Search code examples
regexsublimetext

How should I use sublime text regex engine (PCRE) to delete all latex comments?


I followed the question in another post: Regex to capture LaTeX comments

The provided answer is awesome. However, it seems like it can only be used in the .net engine, but I want to use the PCRE engine. That is because I'm using sublime text and it seems like this engine is used by default. I tried many times, but without success.

The latex is

\usepackage{test}%COMMENT1

TEXT
%COMMENT2
TEXT

Value is 10\%, this should not be removed. %COMMENT3

begin{tikz}[
important 1,
%COMMENT4
important 2, %COMMENT5
]

TEXT
%COMMENT 6

TEXT

Table: value1&value2\\%COMMENT7
Table: value1&value2\\      %COMMENT8
Table: value1&value2            \\%COMMENT 9
Table: value1&value2\\%            COMMENT 10
Table: value1&value2\\%COMMENT11       

I tried (?m)(?<=(?<!\\)(?:\\{0}))%.*(?:\r?\n(?!\r?$))?. Only works on comment 1-6,8.

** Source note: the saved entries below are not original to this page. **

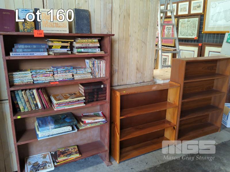 3 x LOWLINE BOOKCASES, 1 x 5 TIER, 1 x 4 TIER & 1 x 3 TIER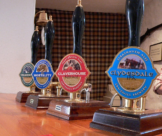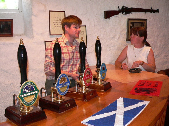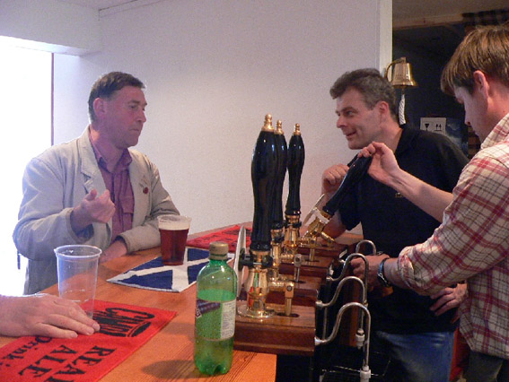 CAMRA's Robin Jones discussed tasting points with Strathaven Brewery's John Muir.
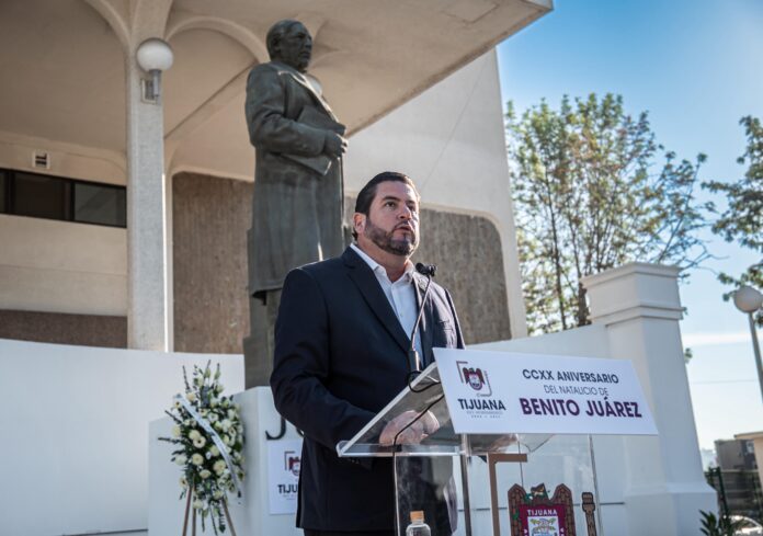 Durante la ceremonia, que se llevó a cabo en la explanada del Monumento al Benemérito de las Americas, en el Centro Universitario de la salud de la Universidad Autónoma de Baja California (UABC), el alcalde de Tijuana destacó la relevancia de honrar la vida y obra de uno de los líderes más importantes en la historia de México.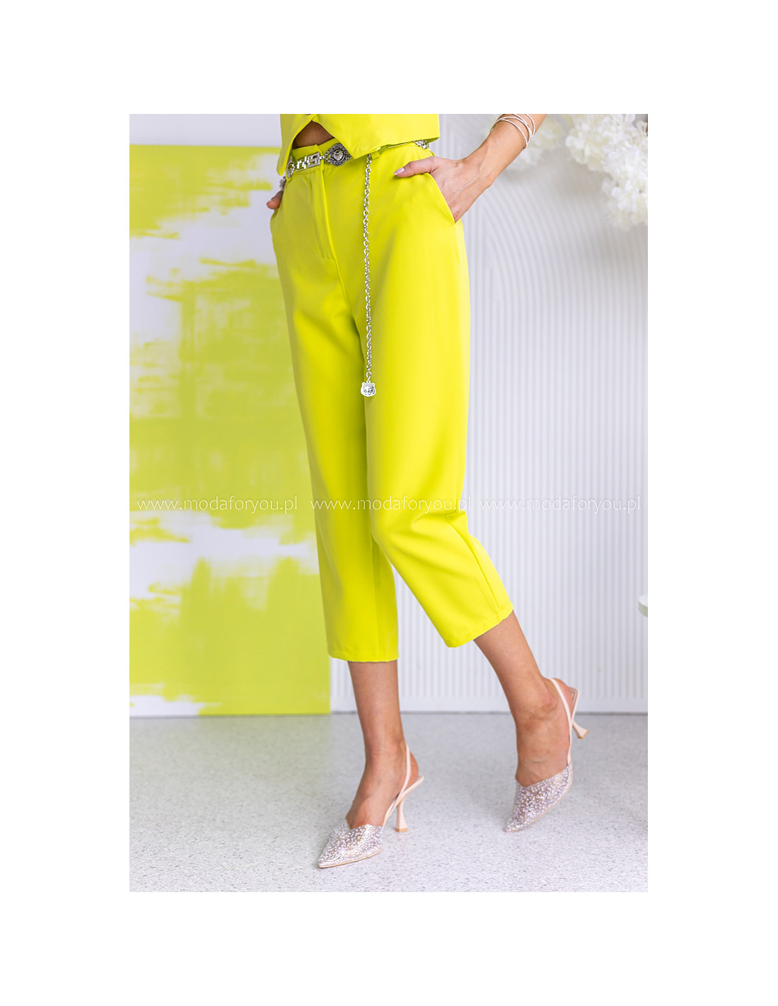 Model z kieszeniami,  spodnie o długości 7/8.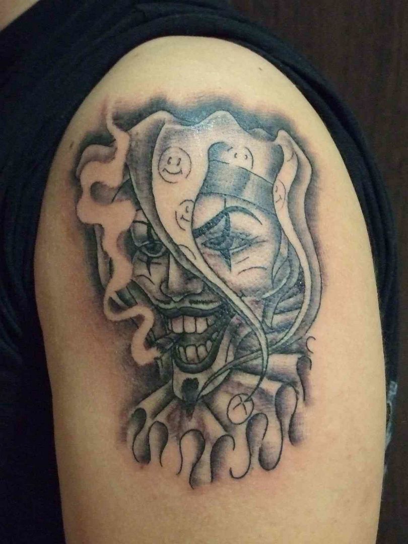 Približno enako simbolizira tetovaža norčka z žalostno masko v roki ali žalostnim ličilom. Maska ali ličila lahko prikrivajo skromnost, negotovost in skrivnostnost.
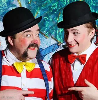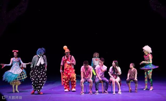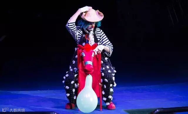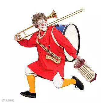 两位小丑演员随着音乐节奏夸张扭动身躯跳着舞进场,小提琴、琵琶、萨克斯,架子鼓与踢踏舞。一气呵成,特别是年长人小丑,用架子鼓,敲打着架子鼓,从小型架子鼓到大型架子鼓,直到架子鼓被一件件撤走,干脆用鼓架敲打舞台上的木板,鼓架被抢走,继续用脚踢踏地踏着木板。场面非常滑稽,引人发笑。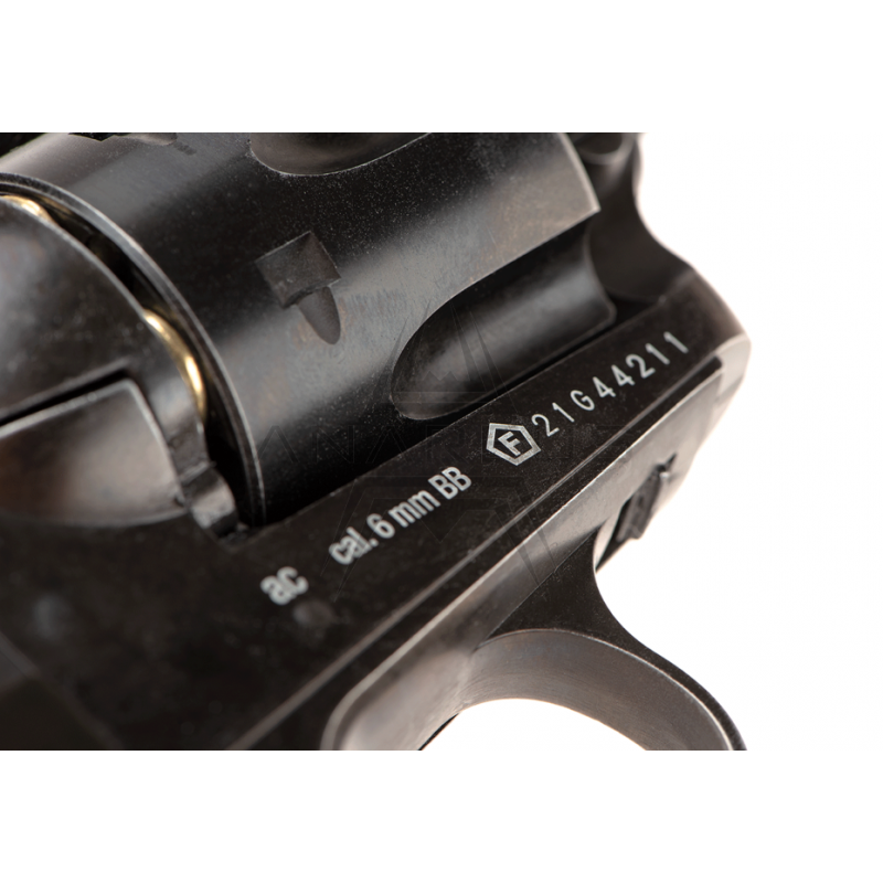 Thanks to its full-metal construction and a weight of nearly 900g, the gun feels incredibly realistic in hand. The revolver operates on a 12g CO2 cartridge, providing consistent power and stable muzzle velocity of up to 140 m/s (1.96 J) with 0.2g BBs. The firing system is Single Action, meaning the hammer must be manually cocked before each shot, just like a real Western revolver.
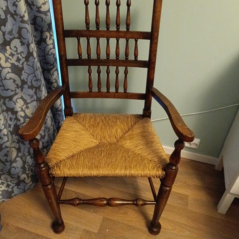 Vintage husmorstol/ krakk, praktisk når en trenger å gå opp i høye skap. Veldig fint behandlet. Fin blå farge. Denne finnes det ikke mange eksemplarer igjen av lenger. Norsk produsert. Høyde 59 cm.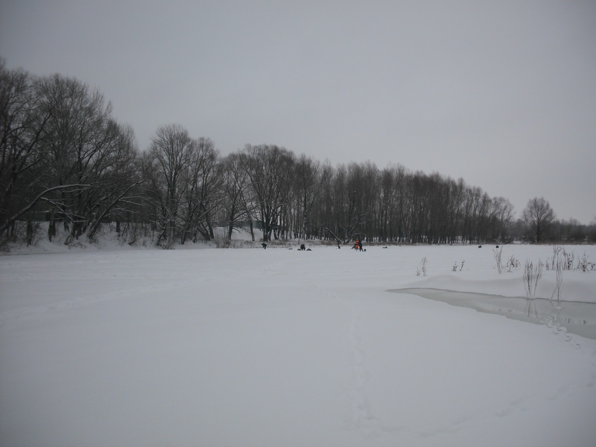 Собирались-собирались, собирались-собирались, но в итоге поехали вдвоём с Ромой. И чего-то явно погорячились. Рановато выехали. Правда, сначала хотели заехать за мотылём на Аврору. Рома накануне купил уж какой был, а был не очень... Дефицит, однако, последнее время. Но Рома где-то услыхал, что на Авроре мотыля вроде уже тоже нет. Так что поехали с тем, что имеем. И приехали, прямо скажем, рановато. [ssm104]. На льду, или что оно там на поверхности водоёма, ни души. И хоть у нас и по пешне на душу экипажа, но как-то в свете последних погодных условий первыми туда выходить не хотелось. Тем не менее собираемся. Но ме-е-едле-е-ен-н-но. Не торопясь. Глядишь, кто и подъедет. Однако никто что-то не ехал, но зато на водоёме, недалеко от берега, вдруг обнаружилось чёрное пятно, несомненно являвшееся предметом одушевлённым. Ибо шевелилось. Ага! Есть контакт! И тут же, метрах в ста от нас, на лёд, а теперь в том, что это лёд сомнений уже не было, вышло ещё два одушевлённых предмета. Один даже с санями. Всё! [smile=klass] Вперёд!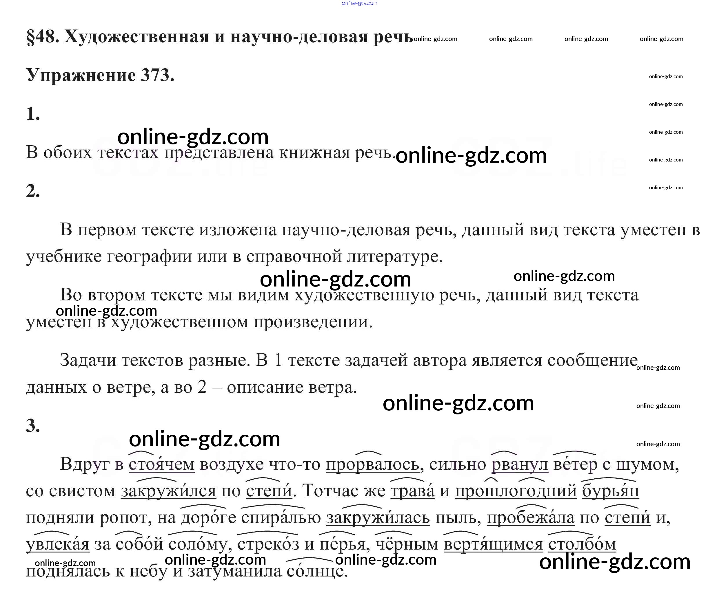 Готовые домашние задания по Русскому языку за 5 класс Учебник Разумовская, Львова 2014 - Упражнения 373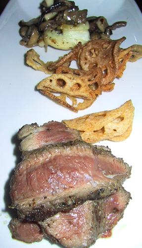Coriander-Crusted Beef, Lotus Root Chips, Sauteed Mushrooms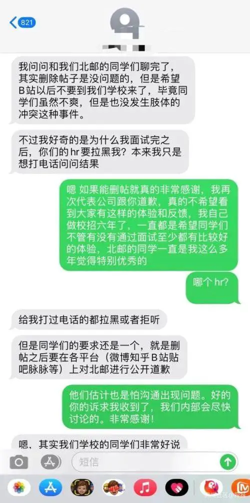“因为该同学没有通过面试,网络平台也上出现了一些攻击性言论,HR在凌晨两点回拨过该同学电话,主要在安抚他的情绪。通话我们进行了录音,录音可以进行公证。”“这是2点的时候,通话后该学生主动跟HR发来的短信,电话中并没有提删帖,学生自己主动提及的删帖。后来我们这段聊天被部分截取放到了网上,看上去像是HR要求他删帖。”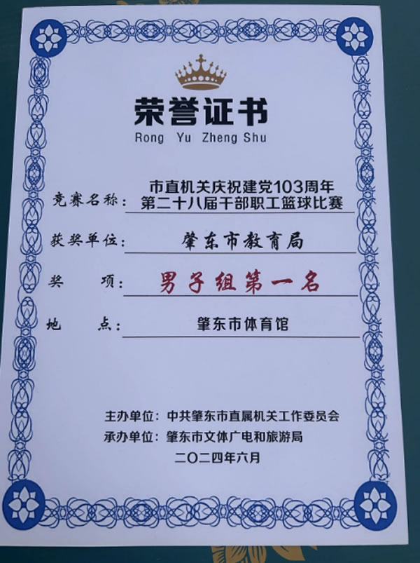 在6月15日-22日我市市直機關工委舉辦的“慶祝中國共產黨成立103周年第二十八屆干部職工籃球比賽”中,教育局代表隊一路過關斬將,獲得市直男子組第一名的佳績。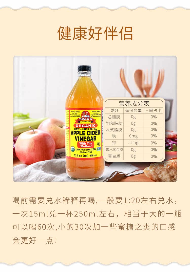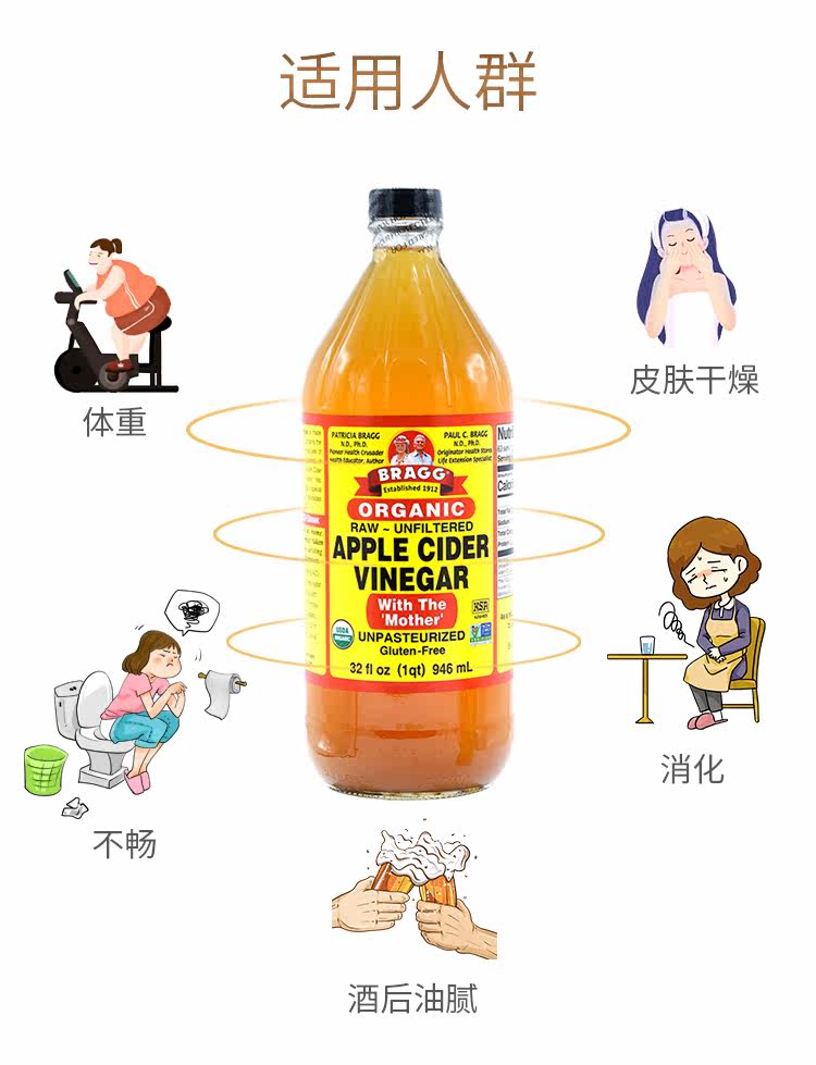 БЕСПЛАТНАЯ ДОСТАВКА США Импортировав Брэгг Органический яблочный уксус 946ML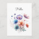 A watercolor illustration of pretty flowers in teal, peach, pink, purple, blue. This botanical print is perfect for a simple Hello greeting, but you can change the text to your preferred greeting. AI assisted graphic purchased with commercial use. Artwork: DreamCafeArt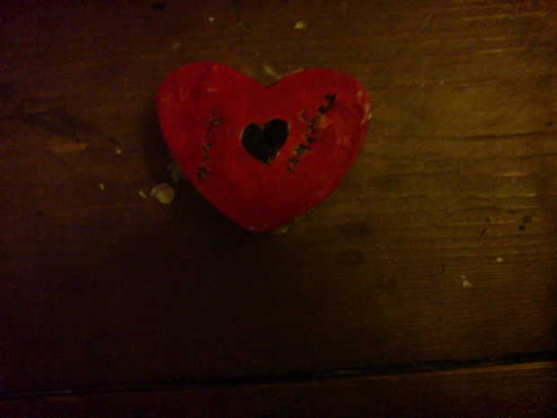 Como se puede ver no ha sido dividida en dos todavía. Esto es donde entra el papel. Suavemente Coloque el corazón en dos. El papel que tanto palo al molde y tendrás que raspar apagado o simplemente se saldrá. Unos pequeños trozos de yeso están probable que se caiga pero si mal se puede lijar de darle un mejor acabado.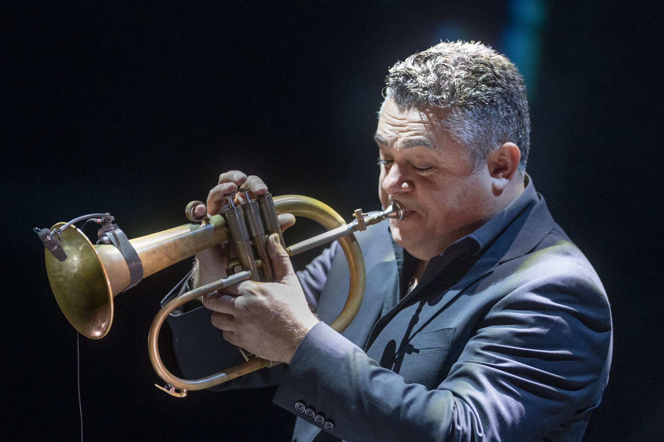 Fliscorno o flugelhorn en inglés, de ahí el juego de palabras que usa su creador para bautizar evento y disco, “es un concepto que he creado para homenajear a un instrumento que me apasiona y con el que empecé en la Banda Juvenil de Música de Firgas. Le debo mucho y de ahí este homenaje que consiste en algo tan sencillo como hacerle justicia hoy en día, darlo a conocer, ponerlo en valor. Vamos al teatro a hacer música con él, apoyándonos en una bonita historia, también creada para este cometido, con la que conseguiremos poner este instrumento en relevancia y lo haremos con un nutrido grupo de músicos de primer nivel”, revela el trompetista Chano Gil.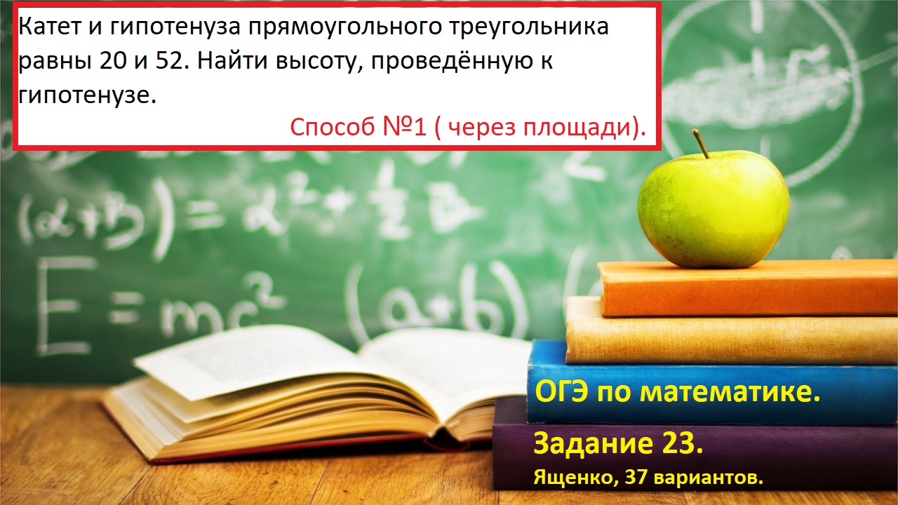 Катет и гипотенуза прямоугольного треугольника равны 20 и 52. Найти высоту, проведённую к гипотенузе ______________________________ ПОДПИШИСЬ: 1. Запасной канал:https://rutube.ru/channel/24546520/vi... 2. Группа: https://vk.com/math_for_dummies __________________________________ #ОГЭпоматематике #ОГЭпоматематикеЗадание23 #ОГЭпоматематикевтораячасть #ОГЭвысотапроведеннаякгипотенузе

The online results can be found https://regex101.com/r/zSIBMu/3

How should I modify it?


Solution

  • You might also make use of a SKIP FAIL approach:

    \\(?<!\\.)(?>\\\\)*%(*SKIP)(*F)|%.*
    

    The pattern matches:

    • \\(?<!\\.) Match \ not preceded with \
    • (?>\\\\)* Match optional pairs of \\
    • %(*SKIP)(*FAIL) Match % and skip the match
    • | Or
    • %.* Match % and the rest of the line

    Regex demo

    Edit

    A non lookaround solution suggested by Casimir et Hippolyte to skip the match for \\ or \%

    \\[\\%](*SKIP)(*F)|%.*
    
    • \\[\\%] Match either \\ or \% using a character class
    • (*SKIP)(*FAIL) Skip the match
    • | Or
    • %.* Match % and the rest of the line

    Regex demo